第1図 越谷市とその周辺図(この地図は,建設省国土地理院長の承認を得て,同院発行の5万分の1地形図を複製したものである。(承認番号)昭50総複,第75号)

 越谷地方の気象的特色は、風向、風速とも臨海型を示すこと、埼玉県では最も風量が少ないこと、反面最も気温が高い地域に属していることの三点に要約できる。このうち臨海型の風系は、東京湾から最寄りの位置にあるだけでなく、大宮、北総両台地間の低地筋という地形の影響もかなり受けたものである。また平均気温の高さは、山地気候の影響がすくないことと、都市気候の影響を強く受けたためである。このほか埼玉県内では雹、霜、雷雨などの気象災害のすくない地域に属しているが、水害だけは例外である。

 衆知のように、越谷の地形は、一見まったく変化に乏しく単調である。しかし詳細にみると、ふたつの対照的な地形に分かれていることに気づかれるだろう。そのひとつは、古利根川、元荒川、綾瀬川の両岸に形成された自然堤防の微高地であり、もうひとつは、そこから遠く離れ溢流水の堆積作用をあまり受けなかった後背低湿地である。
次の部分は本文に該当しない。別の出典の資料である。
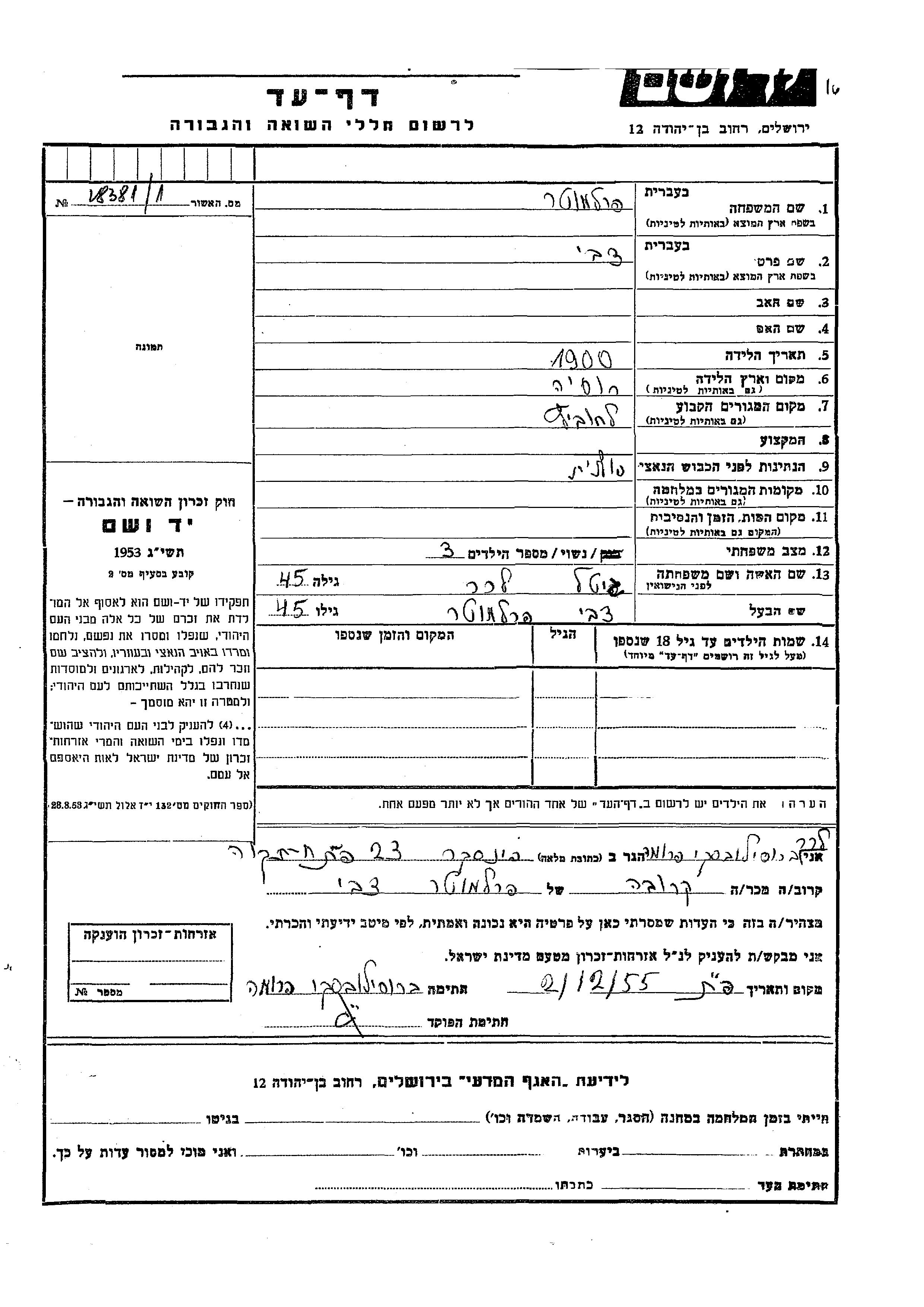 Perlmuter Tzvi 1900 Lachowicze, Pologne Feuille de témoignage

そして、集落と畑をのせて帯状に配列する自然堤防と、広々とした水田景観を繰り広げながら点綴状に分布する後背低湿地とが、平坦な越谷市域の微地形と、土地利用とにそれなりの変化をもたらしている。

 ところで、越谷地方の表層地質は、ほとんど粘土と砂の互層からできた沖積層である。最上層の上部粘土層には、しばしば泥炭層がはさまれている。次層の上部砂層は、場所によって厚さが異なり、多いところで七~八メートル、すくないところで二~三メートルの厚みをもって分布している。第三層の下部粘土層は、ところによって四〇メートルをこえて堆積している。最下層の下部砂層は、一~二メートルの薄い細砂層をなしているが、薄層のわりには連続的に分布している。さらにこの沖積層を東西に分断して、洪積世の越谷埋積残丘がある。埋積残丘は高いところで地下一〇メートル地点まで突起し、その幅も二キロメートルに及んでいる。

 越谷地方で、普遍的にみられる土壌は、二五%程度の砂を含む埴土で、これが市域の過半を占め、以下埴壌土、壌土、砂壌土、砂土の順に分布する。ついで、これらの土壌断面をみると、下層に砂質土壌を有するところと、泥炭を有するところに大別される。前者は自然堤防周辺に多く、後者は後背低湿地の旧池沼跡でよくみかける土壌断面である。

 市域の地下水は、地下三〇メートルくらいまでの自由地下水と、その下の洪積層中の被圧地下水(不透水層にはさまれて加圧された地下水をいう)とがある。自由地下水は、利根川中流部や荒川上流部から伏流してきたものである。また被圧地下水の客水基盤(水ガメの底の役目を果たしている部分)である洪積層は、D1、D2、D3と呼ばれる各層に分かれ、このうち地下一八〇~二〇〇メートルのD2層は、水量的に最も有望な帯水層といわれている。しかし水質的には、洪積世海成の旧中川谷という帯水機構を反映した化石水のため、必ずしも良好ではない。

 なお動植物分布は、農薬の普及と都市化の進展以来いちじるしく変化している。それは、植物ではコシガヤホシクサ、タヌキモなどの湿生あるいは水生植物の絶滅や激減となり、魚類ではボラ、セイゴなどの朔上途絶と、ウナギ、マルタ等の激減となってあらわれた。一方、環境の変化に対して、生命力の旺盛なセイダカアワダチソウ、オオマツヨイグサなどの帰化植物や、ハマエンドウ、コウボウシバなどの外来植物の繁茂と、オカメタナゴ、クチボソなどの繁殖がめだっている。このような状況の中にあって、久伊豆神社社叢の原植生の保存とシラコバトの増加は、環境保全と学術研究の両面から貴重な存在となっている。